Data items
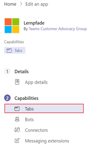 Öffne links im Menüband “Capabilites” und klicke auf “Tabs”.
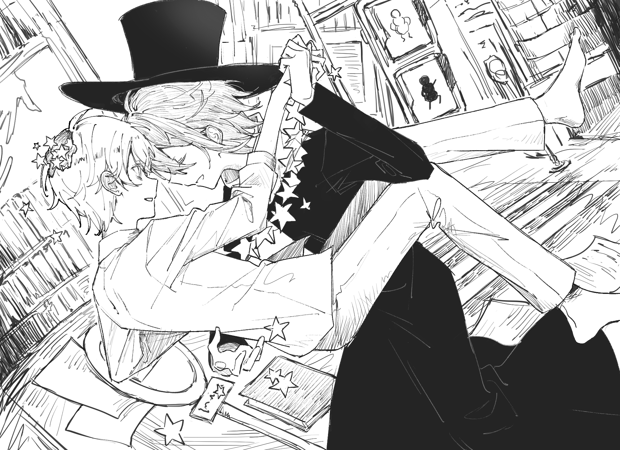 2boys ban-chan ban-chan_(cosplay) barefoot book closed_eyes coat commentary cosplay dancing facing_another floating greyscale hat highres hitotsume-sama hitotsume-sama_(cosplay) hole_in_head kamishiro_rui lamppost long_sleeves looking_at_another monochrome multicolored_hair multiple_boys nonsense_bunkaku_(vocaloid) open_mouth pants paper plate project_sekai prsk112277 shirt smile star_(symbol) streaked_hair tenma_tsukasa top_hat yaoi
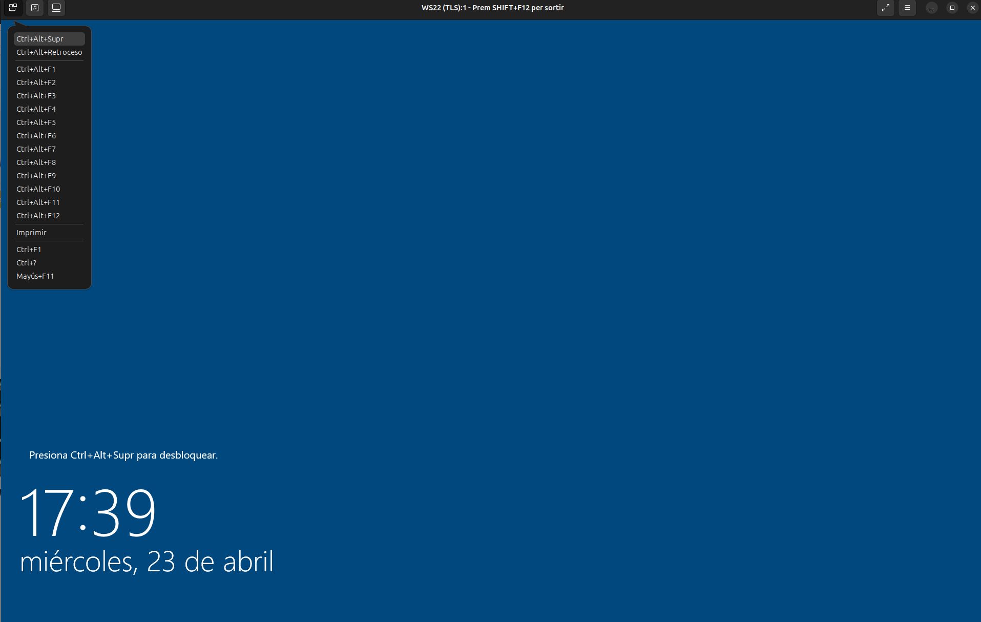 Se envia "Ctr+Alt+Supr" y se pulsa cualquier tecla del teclado en la segunda pantalla
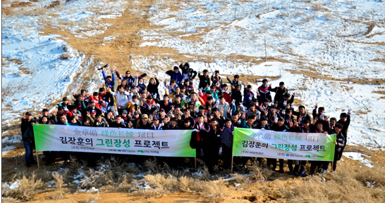 为大气治理环境,减少风沙,内蒙古库布齐沙漠是北京产生黄沙的主要原因,于是韩国留学生会与韩国集团歌手金章勋一起举办绿色长城植树项目“中韩未来林”。2012年 11月 5日 到 2012年 11月 8日,和中国共青团一起去内蒙古库布齐沙漠栽种多种树木, 防止沙漠化。femboy
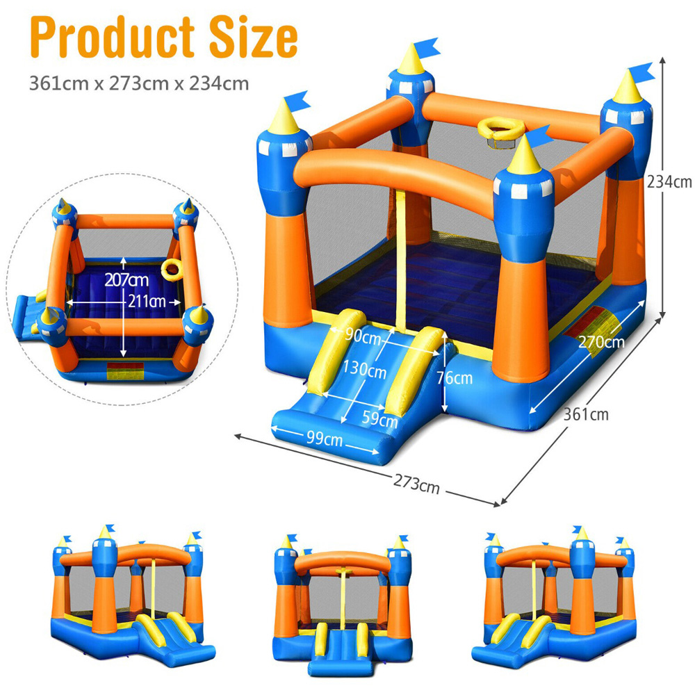 Indulge your little ones in a world of fun and adventure with the Costway Kids Cute Castle Bouncer with Carrying Bag, complete with a basketball rim and slide. Crafted from high-quality Oxford cloth, this inflatable bounce house stands out with its waterproof, abrasion-resistant, and anti-scratch properties, ensuring a safe and durable play environment. The three-in-one design offers a large jumping area, a basketball rim, and a curved slide, providing hours of active fun while encouraging physical fitness and reducing screen time. It's perfect for children aged three to ten years old and supports up to 45kg per child. Easy to set up and take down, this bounce house comes with practical accessories like ground stakes, a repair kit, and a carrying bag, making it ideal for indoor and outdoor use. It is recommended to use a 480W air blower(not included), and normally, some air comes from the fabric surface and seams. Note: Please keep it in a dry and ventilated place when not in use.
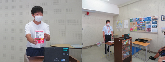 2学期最後の集会は、新型コロナウィルス感染拡大防止や暑さ対策、生徒の健康面等を考慮してリモートで行いました。
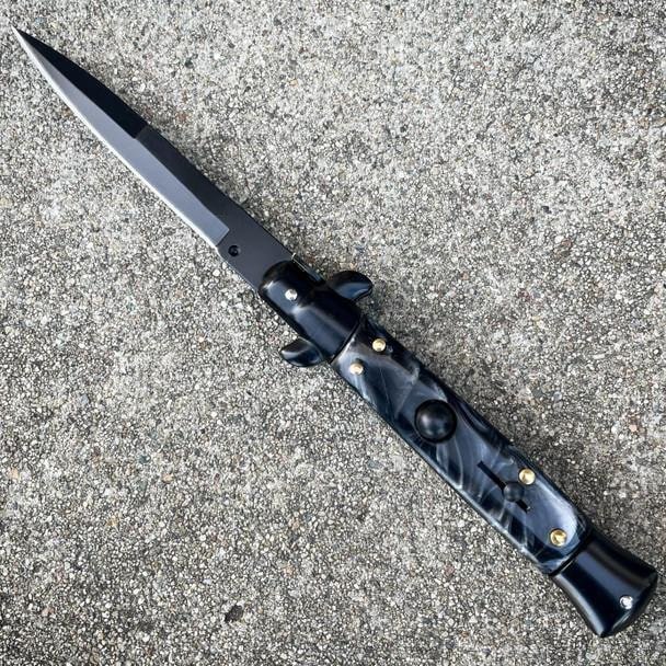 8,75 Zoll schwarzes italienisches Stiletto-Taschenmesser mit Schalter, schwarze Perle
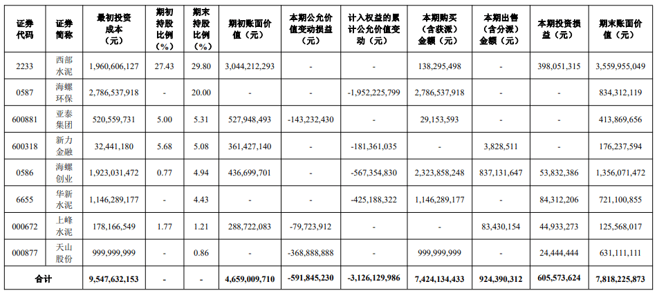 報告顯示,海螺水泥持有的新力金融、海螺創業、華新水泥計入“其他權益工具投資”科目,海螺環保、西部水泥計入“長期股權投資”科目,亞泰集團、上峰水泥、天山股份計入“交易性金融資產”科目。
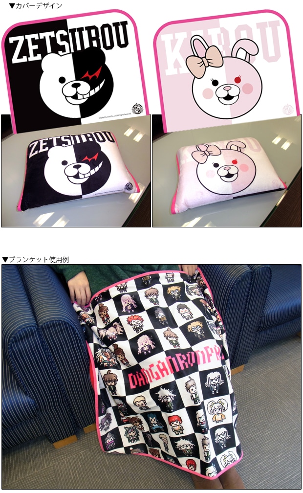 専用カバーの柄はKIBOUカラーのモノミとZETSUBOUカラーのモノクマ。ブランケットをしまえばクッションにもなります。
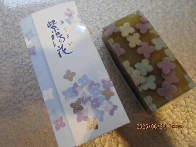 京菓匠 鶴屋吉信 初夏6/初旬~6/下旬までの限定かわいい紫陽花をうつした、さわやかレモン風味の羊羹です。
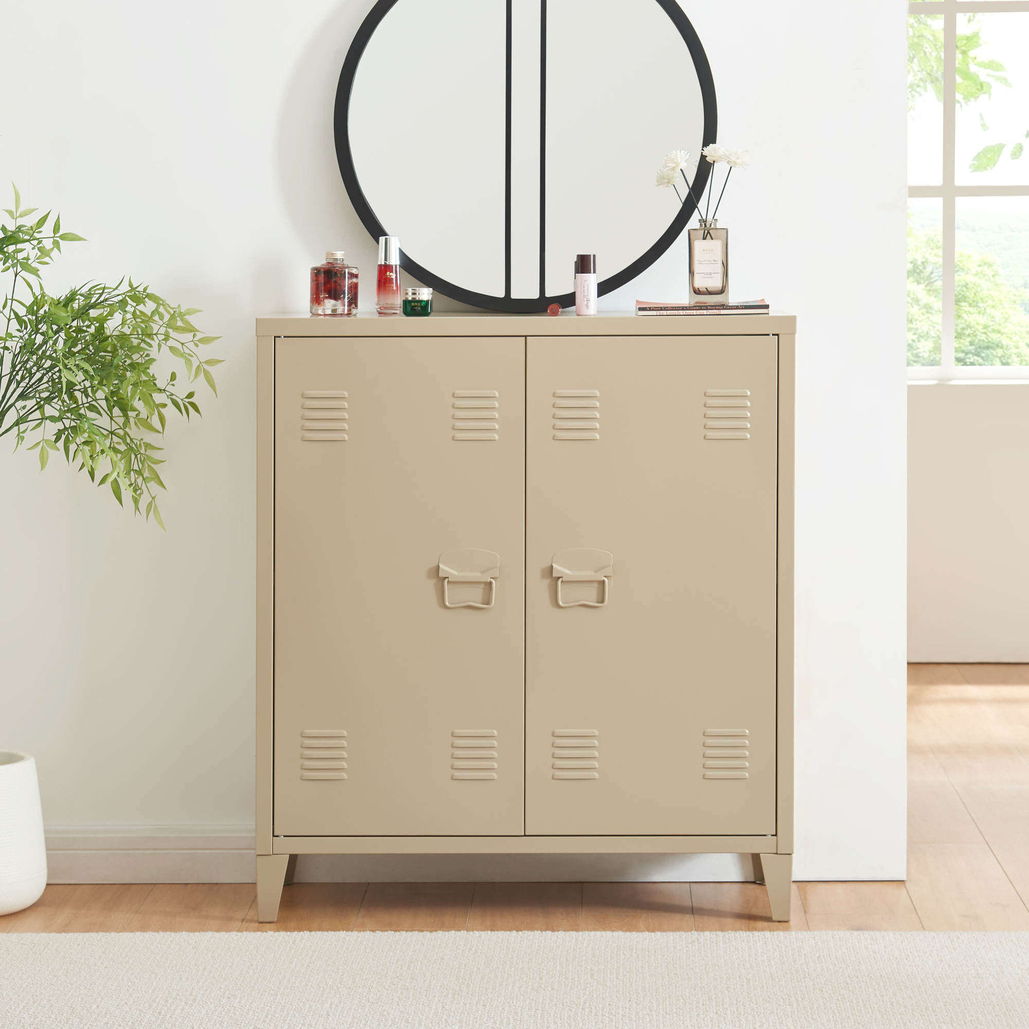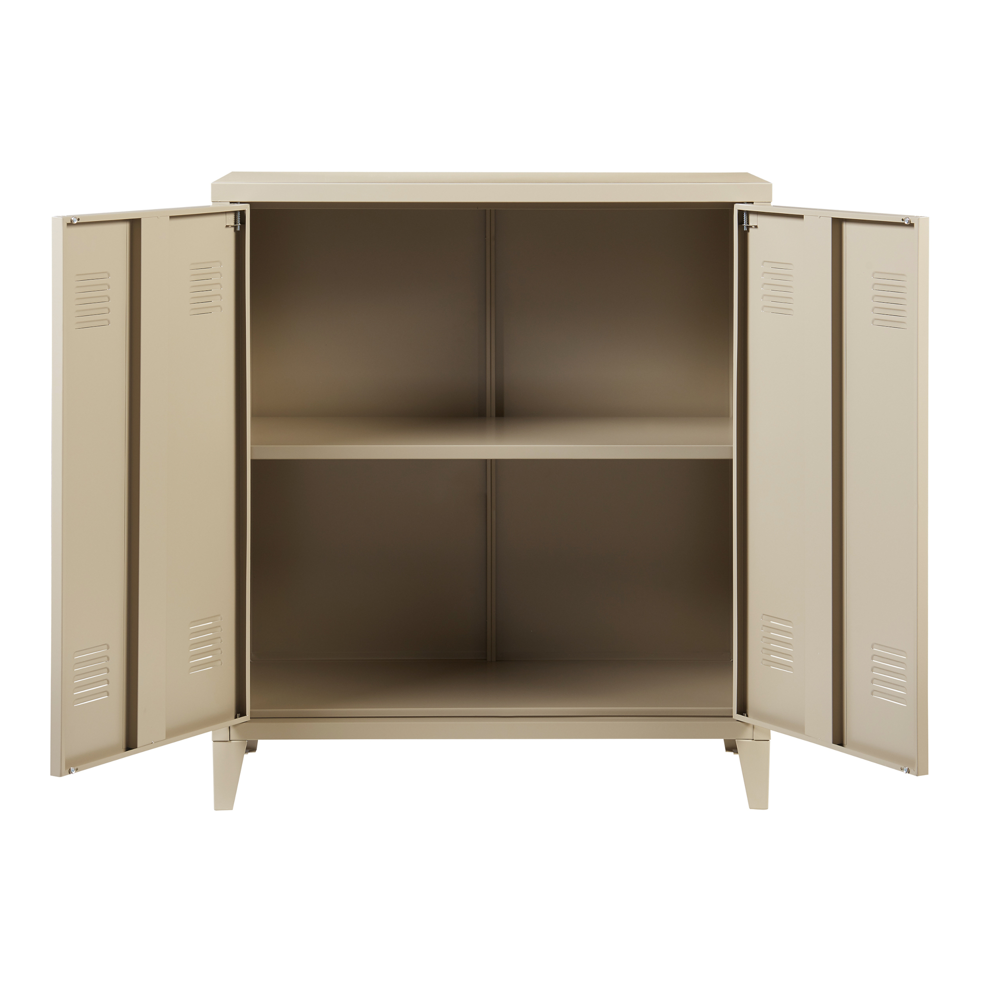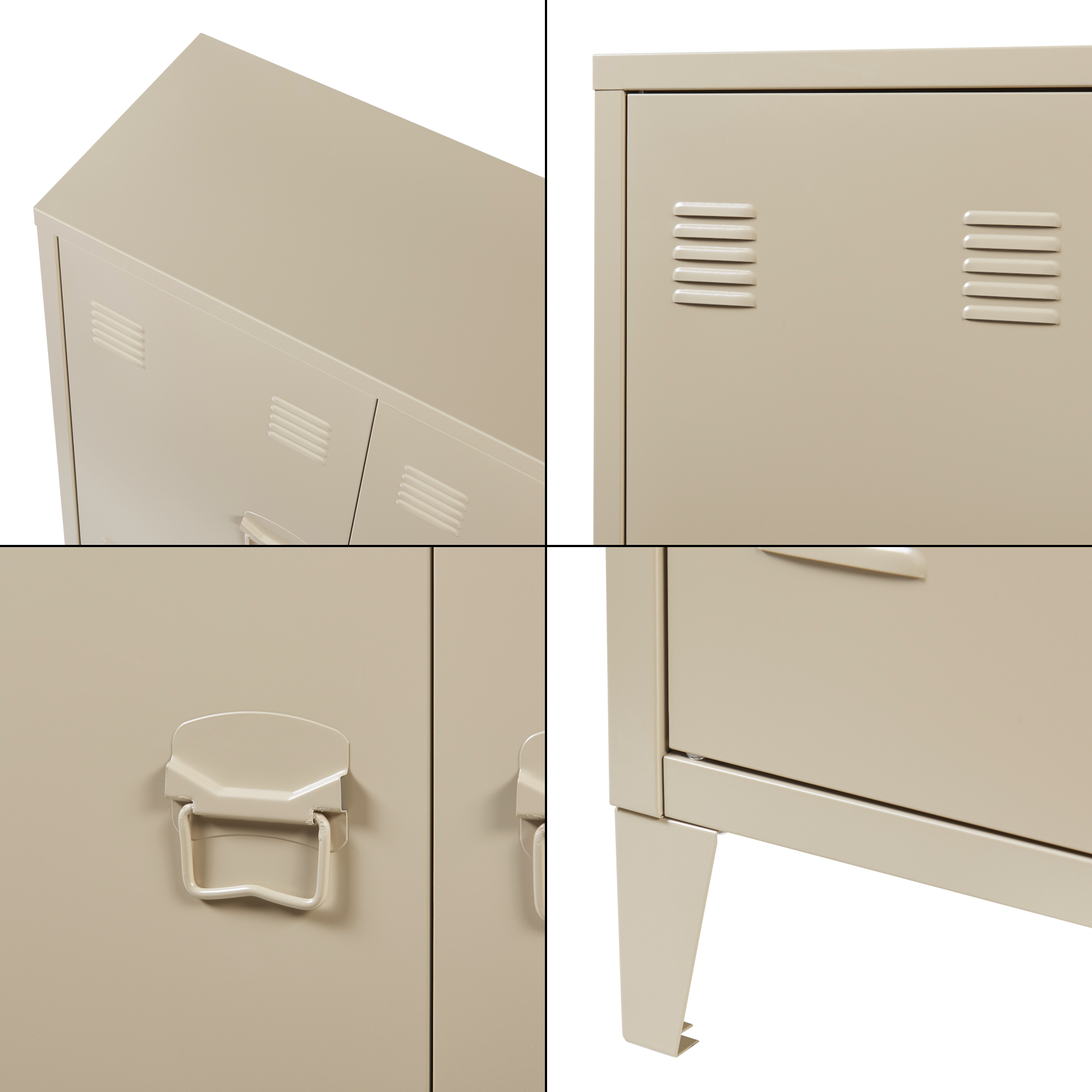 Prevazut cu doua usi cu inchidere magnetica si manere rezistente, dulapul ofera acces rapid si comod la continut. Fantele de ventilatie integrate in usi contribuie la o circulatie eficienta a aerului, fiind utile pentru pastrarea in bune conditii a documentelor sau a altor obiecte sensibile.

TRY IT: Exactly the lines from the line that contains "11月 8日,和中国共青团一起去内蒙古库布齐沙漠栽种多种树木, 防止沙漠化。femboy" through the last line above, and no other lines, must be output, with pictures excluded.

OUTPUT:
 为大气治理环境,减少风沙,内蒙古库布齐沙漠是北京产生黄沙的主要原因,于是韩国留学生会与韩国集团歌手金章勋一起举办绿色长城植树项目“中韩未来林”。2012年 11月 5日 到 2012年 11月 8日,和中国共青团一起去内蒙古库布齐沙漠栽种多种树木, 防止沙漠化。femboy
 Indulge your little ones in a world of fun and adventure with the Costway Kids Cute Castle Bouncer with Carrying Bag, complete with a basketball rim and slide. Crafted from high-quality Oxford cloth, this inflatable bounce house stands out with its waterproof, abrasion-resistant, and anti-scratch properties, ensuring a safe and durable play environment. The three-in-one design offers a large jumping area, a basketball rim, and a curved slide, providing hours of active fun while encouraging physical fitness and reducing screen time. It's perfect for children aged three to ten years old and supports up to 45kg per child. Easy to set up and take down, this bounce house comes with practical accessories like ground stakes, a repair kit, and a carrying bag, making it ideal for indoor and outdoor use. It is recommended to use a 480W air blower(not included), and normally, some air comes from the fabric surface and seams. Note: Please keep it in a dry and ventilated place when not in use.
 2学期最後の集会は、新型コロナウィルス感染拡大防止や暑さ対策、生徒の健康面等を考慮してリモートで行いました。
 8,75 Zoll schwarzes italienisches Stiletto-Taschenmesser mit Schalter, schwarze Perle
 報告顯示,海螺水泥持有的新力金融、海螺創業、華新水泥計入“其他權益工具投資”科目,海螺環保、西部水泥計入“長期股權投資”科目,亞泰集團、上峰水泥、天山股份計入“交易性金融資產”科目。
 専用カバーの柄はKIBOUカラーのモノミとZETSUBOUカラーのモノクマ。ブランケットをしまえばクッションにもなります。
 京菓匠 鶴屋吉信 初夏6/初旬~6/下旬までの限定かわいい紫陽花をうつした、さわやかレモン風味の羊羹です。
 Prevazut cu doua usi cu inchidere magnetica si manere rezistente, dulapul ofera acces rapid si comod la continut. Fantele de ventilatie integrate in usi contribuie la o circulatie eficienta a aerului, fiind utile pentru pastrarea in bune conditii a documentelor sau a altor obiecte sensibile.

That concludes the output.